The Committee held five meetings during 2020, all of which were attended by all its members. The activities performed by the Committee during the year are described in the report regarding its operation, available on the Ferrovial website. The Audit and Control Committee takes into account the recommendations of the CNMV Technical Guide on Audit Committees for Public-Interest Entities in its activity and operation.

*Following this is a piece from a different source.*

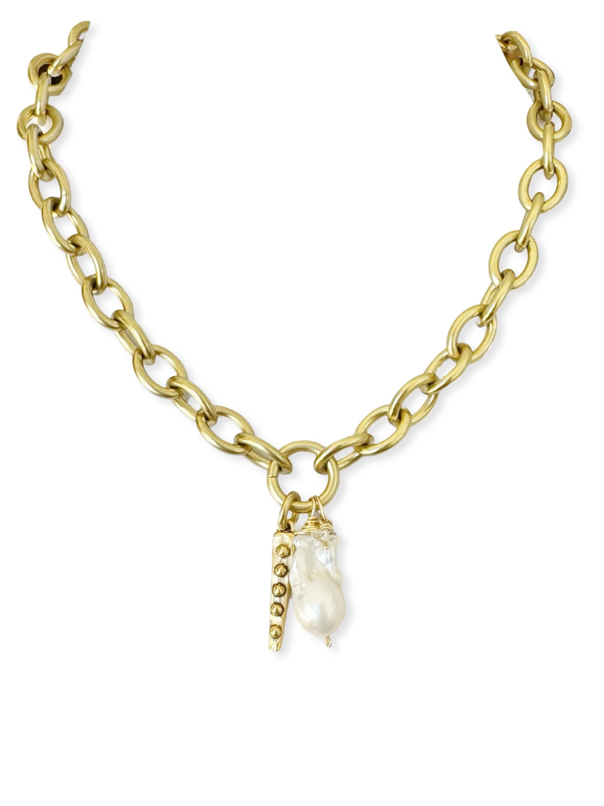 Chunky Brass Chain Necklace- Oval Chain w/ Pearl

Appointments and Remuneration Committee

The Committee comprises four Executive Directors, three of whom are Independent, including the Chairman. All have been appointed taking into account the knowledge, aptitude and experience needed to perform the Committee’s functions.

Their main duties resulting from the adoption of the recommendations contained in the Good Governance Code of Listed Companies are described below, without prejudice to any others prescribed by law:

  • Proposing basic terms for senior management contracts.
  • Ensuring that all nonexecutive directors have sufficient time to duly perform their duties.
  • Ensuring compliance with the remuneration policy established by the company.
  • Verifying information on remuneration for directors and senior management contained in the various corporate documents, including the Annual Board of Directors’ Remuneration Report.
  • Ensuring that any conflicts of interest do not impair the independence of the advice provided to the committee.
  • Reporting on the appointment of the members that are to sit on the committees, in view of the knowledge, skills and experience of directors and the duties of each committee.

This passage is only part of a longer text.